# Problem to solve
Every line of the listing below should be written out exactly, minus its pictures.

# Data provided
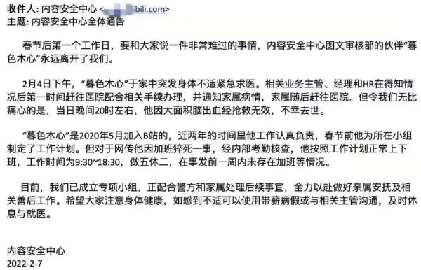 邮件中所提审核部的伙伴‘暮色木心’,出生于1997年,生前就职于B站武汉分部,这个春节他继续上班,没有回家。2月4日,他因“大面积脑出血”经抢救无效去世。
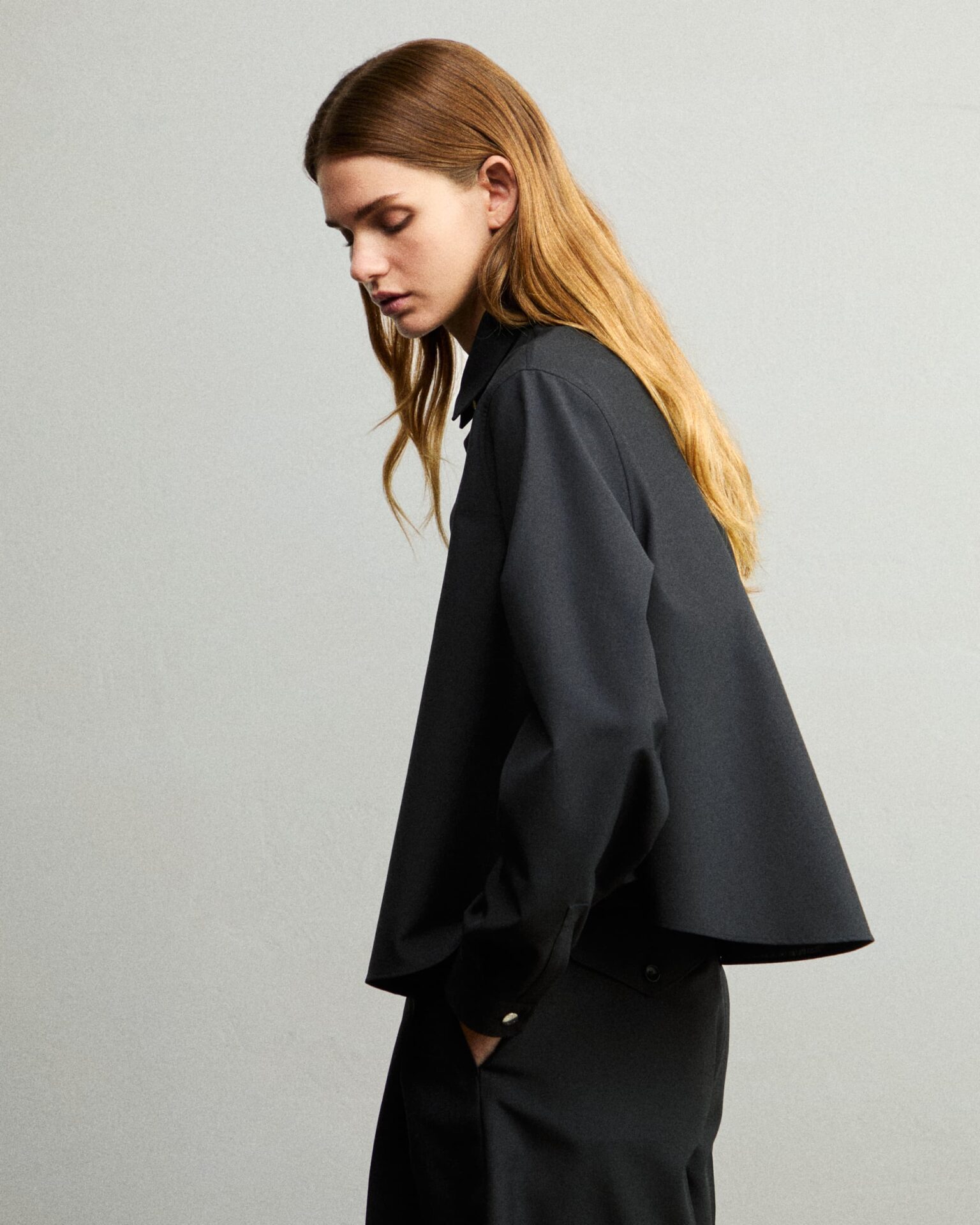 レディースのシャツは、商品名の通り、コンパクトな襟元に対して裾に向かって大きく広がるエレガントなシルエット。
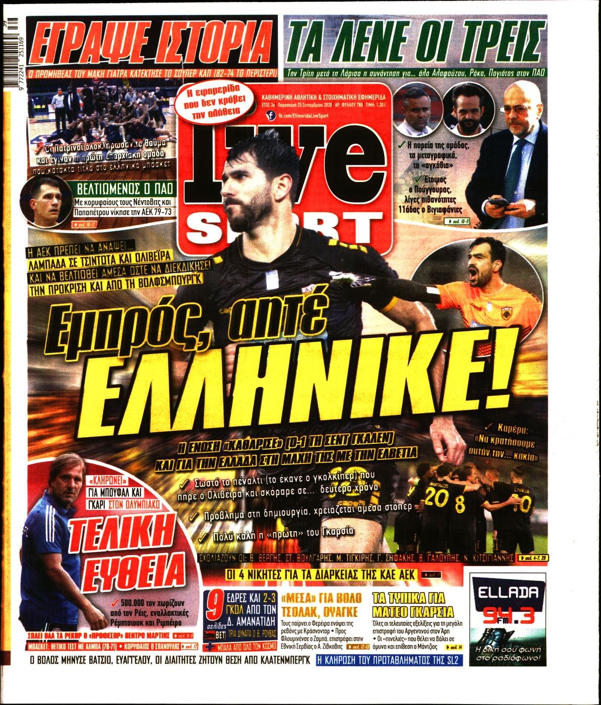Οι αθλητικές εφημερίδες 25/9/2020 Διονύσης Νίκκας 06:53, Παρασκευή 25 Σεπτεμβρίου 2020 Media Διαβάστε τα πρωτοσέλιδα των αθλητικών εφημερίδων… ΑΘΛΗΤΙΚΕΣ ΕΦΗΜΕΡΙΔΕΣ Μοιράσου το: σχολίασε κι εσύ (0 σχόλια) Ακολουθήστε το enikos.gr στο Google News και μάθετε πρώτοι όλες τις ειδήσεις Δείτε όλες τις τελευταίες ειδήσεις από την Ελλάδα και τον Κόσμο στο enikos.gr Ειδήσεις Ροή Ειδήσεων 8 ώρες πριν Χριστούγεννα στα μπλόκα: Επιμένουν στις κινητοποιήσεις τους οι αγρότες – Ανοίγουν τα διόδια το Σαββατοκύριακο 8 ώρες πριν Ουκρανία: Η άνευ προηγουμένου επίθεση σε ρωσικό τάνκερ στη Μεσόγειο και το μήνυμα προς στον Πούτιν – Το «μακρύ χέρι» του Κιέβου 7 ώρες πριν Πούτιν: Τα μηνύματα σε Ευρώπη και ΝΑΤΟ από το μαραθώνιο «σόου» του – Η απαίτηση για «σεβασμό» και η ειρήνη «με τους όρους» της Μόσχας 6 ώρες πριν ΗΠΑ: Η κυβέρνηση του Ντόναλντ Τραμπ άρχισε να δημοσιοποιεί τα αρχεία Έπσταϊν 7 ώρες πριν Άνω Λιόσια: Πυροβολισμοί σε επιχείρηση με χαλιά – Εντοπίστηκαν 10 κάλυκες 19 λεπτά πριν Αυγά: Πόσα μπορείτε να τρώτε την ημέρα με ασφάλεια για μέγιστη πρόσληψη πρωτεΐνης 49 λεπτά πριν Τα ζώδια σήμερα, Σάββατο 20 Δεκεμβρίου: Παρθένοι, το σύμπαν σας δίνει το κλειδί 7 ώρες πριν Ανακαλύφθηκαν αρχαία χρυσά νομίσματα 2.200 ετών που απεικονίζουν τον θεό Απόλλωνα – Η άγνωστη σύνδεση με τον Φίλιππο Β΄ της Μακεδονίας 8 ώρες πριν Ύπνος: Μια κρυφή κατάσταση του εγκεφάλου πριν από τον ύπνο μπορεί να είναι το “κλειδί” για υψηλή ευφυΐα και δημιουργικότητα 3 λεπτά πριν Οπτική ψευδαίσθηση: Μόνο αν είσαι ο Σέρλοκ Χολμς θα βρεις τον αριθμό «87» σε 7 δευτερόλεπτα 10 λεπτά πριν Σαρωτικοί οι έλεγχοι στους δρόμους ενόψει εορτών – Μπλόκα της τροχαίας σε κεντρικές αρτηρίες της Αττικής 19 λεπτά πριν Αυγά: Πόσα μπορείτε να τρώτε την ημέρα με ασφάλεια για μέγιστη πρόσληψη πρωτεΐνης 25 λεπτά πριν Σαν σήμερα 20 Δεκεμβρίου: Τα σημαντικότερα γεγονότα της ημέρας 30 λεπτά πριν Οι οικονομικές εφημερίδες 20/12/2025 ENIKOS NETWORK Το ΕΚΑΒ τιμήθηκε από την Ακαδημία Αθηνών για τα 40 χρόνια προσφοράς του Έχετε πραγματικά μεγάλη καρδιά; 10 χαρακτηριστικά όσων έχουν καλοσύνη Αναστολή μέτρων αναγκαστικής εκτέλεσης για κτηνοτρόφους που πλήττονται από την ευλογιά των αιγοπροβάτων Πλήρης επάρκεια προϊόντων στις λαϊκές της Αττικής, παρά τις αγροτικές κινητοποιήσεις – Τι απαντούν οι πωλητές Χαρτογραφώντας το «σημείο χωρίς επιστροφή»: Για πρώτη φορά αποκαλύπτεται με λεπτομέρεια το ακανθώδες όριο της ατμόσφαιρας τ... Η Google καταργεί τη λειτουργία «dark web report» – Πώς θα μπορούν οι χρήστες να διαγράφουν τα δεδομένα τους περισσότερα 05:48 , Σάββατο 20 Δεκεμβρίου 2025 Οι οικονομικές εφημερίδες 20/12/2025 Διαβάστε τα πρωτοσέλιδα από τις οικονομικές εφημερίδες, σήμερα 20/12/2025. 05:43 , Σάββατο 20 Δεκεμβρίου 2025 Οι αθλητικές εφημερίδες 20/12/2025 Διαβάστε τα πρωτοσέλιδα από τις αθλητικές εφημερίδες, σήμερα 20/12/2025. 05:38 , Σάββατο 20 Δεκεμβρίου 2025 Οι πολιτικές εφημερίδες 20/12/2025 Διαβάστε τα πρωτοσέλιδα από τις πολιτικές εφημερίδες, σήμερα 20/12/2025. 04:20 , Σάββατο 20 Δεκεμβρίου 2025 Αγγελική Νικολούλη: Τα συλλυπητήρια για την απώλεια της Ειρήνης Μαρινάκη Τα συλληπητήρια στον πρόεδρο του Mega, τον Βαγγέλη Μαρινάκη, για την απώλεια της μητέρας του Ε... ΤΕΛΕΥΤΑΙΕΣ ΕΙΔΗΣΕΙΣ 10 λεπτά πριν Σαρωτικοί οι έλεγχοι στους δρόμους ενόψει εορτών –... 19 λεπτά πριν Αυγά: Πόσα μπορείτε να τρώτε την ημέρα με ασφάλεια για... 25 λεπτά πριν Σαν σήμερα 20 Δεκεμβρίου: Τα σημαντικότερα γεγονότα... 30 λεπτά πριν Οι οικονομικές εφημερί

# Answer box
 邮件中所提审核部的伙伴‘暮色木心’,出生于1997年,生前就职于B站武汉分部,这个春节他继续上班,没有回家。2月4日,他因“大面积脑出血”经抢救无效去世。
 レディースのシャツは、商品名の通り、コンパクトな襟元に対して裾に向かって大きく広がるエレガントなシルエット。
Οι αθλητικές εφημερίδες 25/9/2020 Διονύσης Νίκκας 06:53, Παρασκευή 25 Σεπτεμβρίου 2020 Media Διαβάστε τα πρωτοσέλιδα των αθλητικών εφημερίδων… ΑΘΛΗΤΙΚΕΣ ΕΦΗΜΕΡΙΔΕΣ Μοιράσου το: σχολίασε κι εσύ (0 σχόλια) Ακολουθήστε το enikos.gr στο Google News και μάθετε πρώτοι όλες τις ειδήσεις Δείτε όλες τις τελευταίες ειδήσεις από την Ελλάδα και τον Κόσμο στο enikos.gr Ειδήσεις Ροή Ειδήσεων 8 ώρες πριν Χριστούγεννα στα μπλόκα: Επιμένουν στις κινητοποιήσεις τους οι αγρότες – Ανοίγουν τα διόδια το Σαββατοκύριακο 8 ώρες πριν Ουκρανία: Η άνευ προηγουμένου επίθεση σε ρωσικό τάνκερ στη Μεσόγειο και το μήνυμα προς στον Πούτιν – Το «μακρύ χέρι» του Κιέβου 7 ώρες πριν Πούτιν: Τα μηνύματα σε Ευρώπη και ΝΑΤΟ από το μαραθώνιο «σόου» του – Η απαίτηση για «σεβασμό» και η ειρήνη «με τους όρους» της Μόσχας 6 ώρες πριν ΗΠΑ: Η κυβέρνηση του Ντόναλντ Τραμπ άρχισε να δημοσιοποιεί τα αρχεία Έπσταϊν 7 ώρες πριν Άνω Λιόσια: Πυροβολισμοί σε επιχείρηση με χαλιά – Εντοπίστηκαν 10 κάλυκες 19 λεπτά πριν Αυγά: Πόσα μπορείτε να τρώτε την ημέρα με ασφάλεια για μέγιστη πρόσληψη πρωτεΐνης 49 λεπτά πριν Τα ζώδια σήμερα, Σάββατο 20 Δεκεμβρίου: Παρθένοι, το σύμπαν σας δίνει το κλειδί 7 ώρες πριν Ανακαλύφθηκαν αρχαία χρυσά νομίσματα 2.200 ετών που απεικονίζουν τον θεό Απόλλωνα – Η άγνωστη σύνδεση με τον Φίλιππο Β΄ της Μακεδονίας 8 ώρες πριν Ύπνος: Μια κρυφή κατάσταση του εγκεφάλου πριν από τον ύπνο μπορεί να είναι το “κλειδί” για υψηλή ευφυΐα και δημιουργικότητα 3 λεπτά πριν Οπτική ψευδαίσθηση: Μόνο αν είσαι ο Σέρλοκ Χολμς θα βρεις τον αριθμό «87» σε 7 δευτερόλεπτα 10 λεπτά πριν Σαρωτικοί οι έλεγχοι στους δρόμους ενόψει εορτών – Μπλόκα της τροχαίας σε κεντρικές αρτηρίες της Αττικής 19 λεπτά πριν Αυγά: Πόσα μπορείτε να τρώτε την ημέρα με ασφάλεια για μέγιστη πρόσληψη πρωτεΐνης 25 λεπτά πριν Σαν σήμερα 20 Δεκεμβρίου: Τα σημαντικότερα γεγονότα της ημέρας 30 λεπτά πριν Οι οικονομικές εφημερίδες 20/12/2025 ENIKOS NETWORK Το ΕΚΑΒ τιμήθηκε από την Ακαδημία Αθηνών για τα 40 χρόνια προσφοράς του Έχετε πραγματικά μεγάλη καρδιά; 10 χαρακτηριστικά όσων έχουν καλοσύνη Αναστολή μέτρων αναγκαστικής εκτέλεσης για κτηνοτρόφους που πλήττονται από την ευλογιά των αιγοπροβάτων Πλήρης επάρκεια προϊόντων στις λαϊκές της Αττικής, παρά τις αγροτικές κινητοποιήσεις – Τι απαντούν οι πωλητές Χαρτογραφώντας το «σημείο χωρίς επιστροφή»: Για πρώτη φορά αποκαλύπτεται με λεπτομέρεια το ακανθώδες όριο της ατμόσφαιρας τ... Η Google καταργεί τη λειτουργία «dark web report» – Πώς θα μπορούν οι χρήστες να διαγράφουν τα δεδομένα τους περισσότερα 05:48 , Σάββατο 20 Δεκεμβρίου 2025 Οι οικονομικές εφημερίδες 20/12/2025 Διαβάστε τα πρωτοσέλιδα από τις οικονομικές εφημερίδες, σήμερα 20/12/2025. 05:43 , Σάββατο 20 Δεκεμβρίου 2025 Οι αθλητικές εφημερίδες 20/12/2025 Διαβάστε τα πρωτοσέλιδα από τις αθλητικές εφημερίδες, σήμερα 20/12/2025. 05:38 , Σάββατο 20 Δεκεμβρίου 2025 Οι πολιτικές εφημερίδες 20/12/2025 Διαβάστε τα πρωτοσέλιδα από τις πολιτικές εφημερίδες, σήμερα 20/12/2025. 04:20 , Σάββατο 20 Δεκεμβρίου 2025 Αγγελική Νικολούλη: Τα συλλυπητήρια για την απώλεια της Ειρήνης Μαρινάκη Τα συλληπητήρια στον πρόεδρο του Mega, τον Βαγγέλη Μαρινάκη, για την απώλεια της μητέρας του Ε... ΤΕΛΕΥΤΑΙΕΣ ΕΙΔΗΣΕΙΣ 10 λεπτά πριν Σαρωτικοί οι έλεγχοι στους δρόμους ενόψει εορτών –... 19 λεπτά πριν Αυγά: Πόσα μπορείτε να τρώτε την ημέρα με ασφάλεια για... 25 λεπτά πριν Σαν σήμερα 20 Δεκεμβρίου: Τα σημαντικότερα γεγονότα... 30 λεπτά πριν Οι οικονομικές εφημερί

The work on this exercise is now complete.